Rega Research Ltd. is a British audio equipment manufacturer. Rega was founded in 1973. The company's name was formed of the initials of its two founders (RElph & GAndy). Rega are widely known for their turntables – most notably the iconic Rega Planar 3, cartridges and tonearms, and has produced award-winning amplification and speakers for over 20 years. In addition to manufacturing products under their own brand name, they have also served as an original equipment manufacturer of turntables and tonearms for other companies such as NAD and Rotel.

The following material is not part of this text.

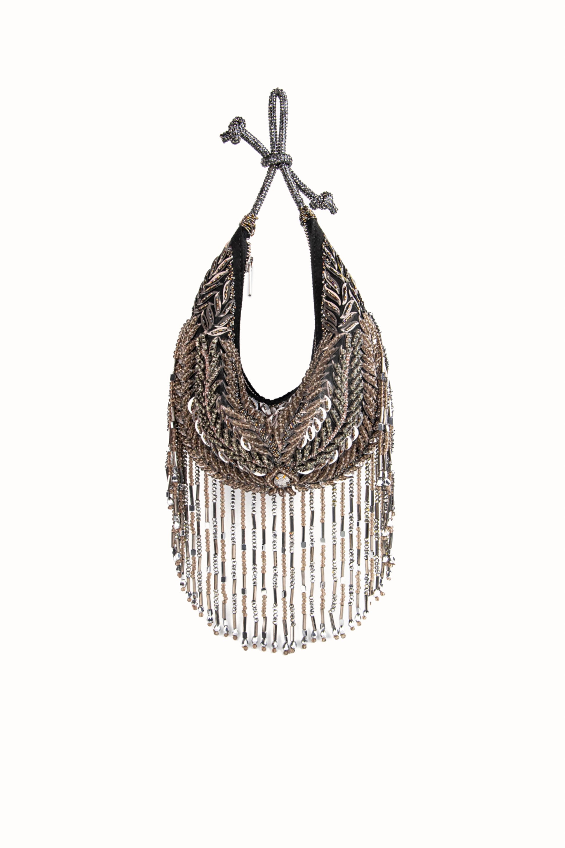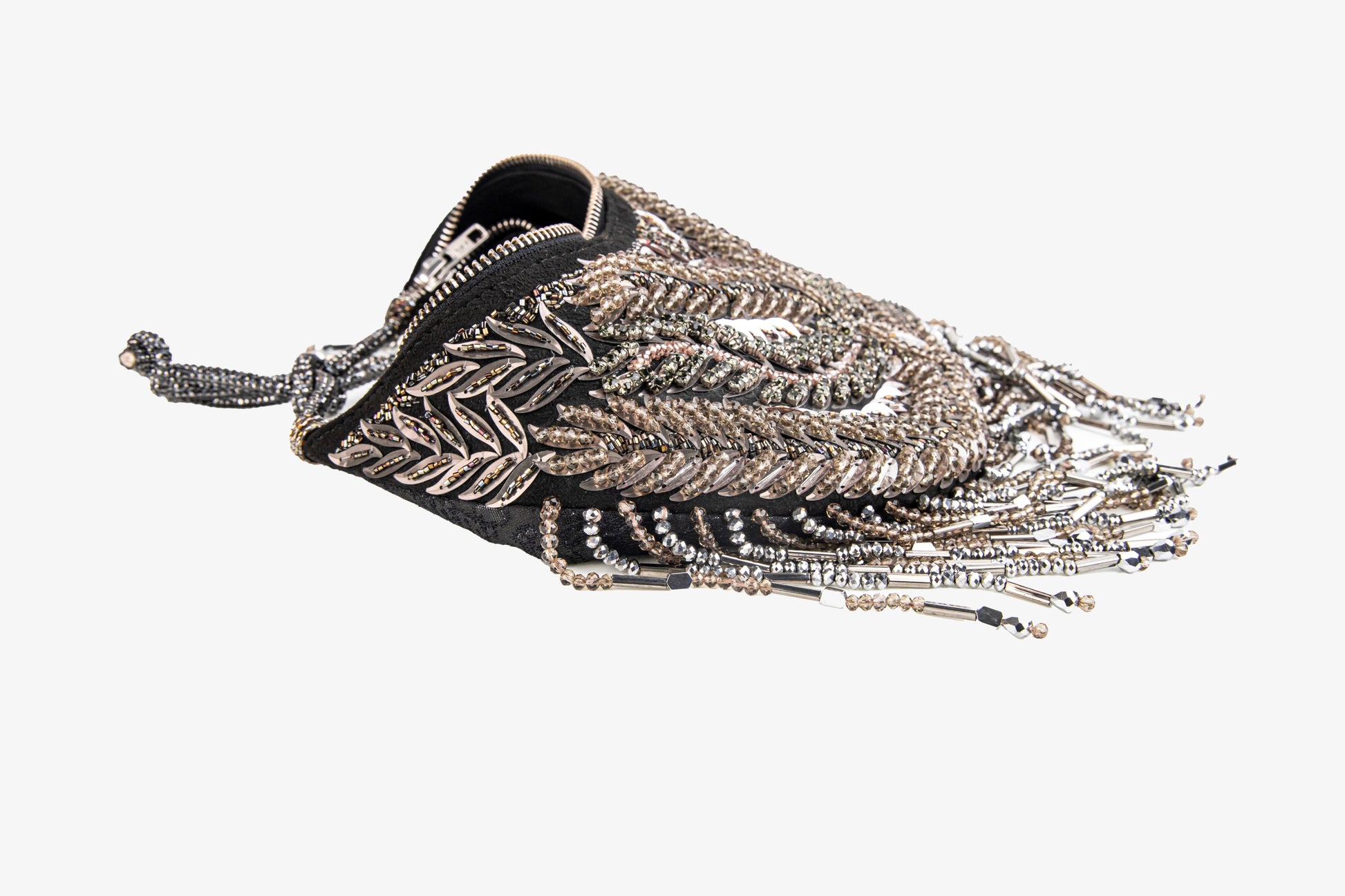 Infusing intricate embroideries on eclectic materials, Seraphim bag from the Dazzle collection is state of the art. It illustrates detailed beading and crystal work inspired by the moonbeam..

Rega Research is imported and distributed in the US by The Sound Organisation, based in Arlington, Texas.

History
In addition to making its own brand products, Rega is an OEM supplier. For example, Rega arms or variants are found in numerous other audiophile turntables. It also manufactured a slightly modified version of its Planar 2 with a RB250 arm for NAD that was marketed under the NAD533 model number.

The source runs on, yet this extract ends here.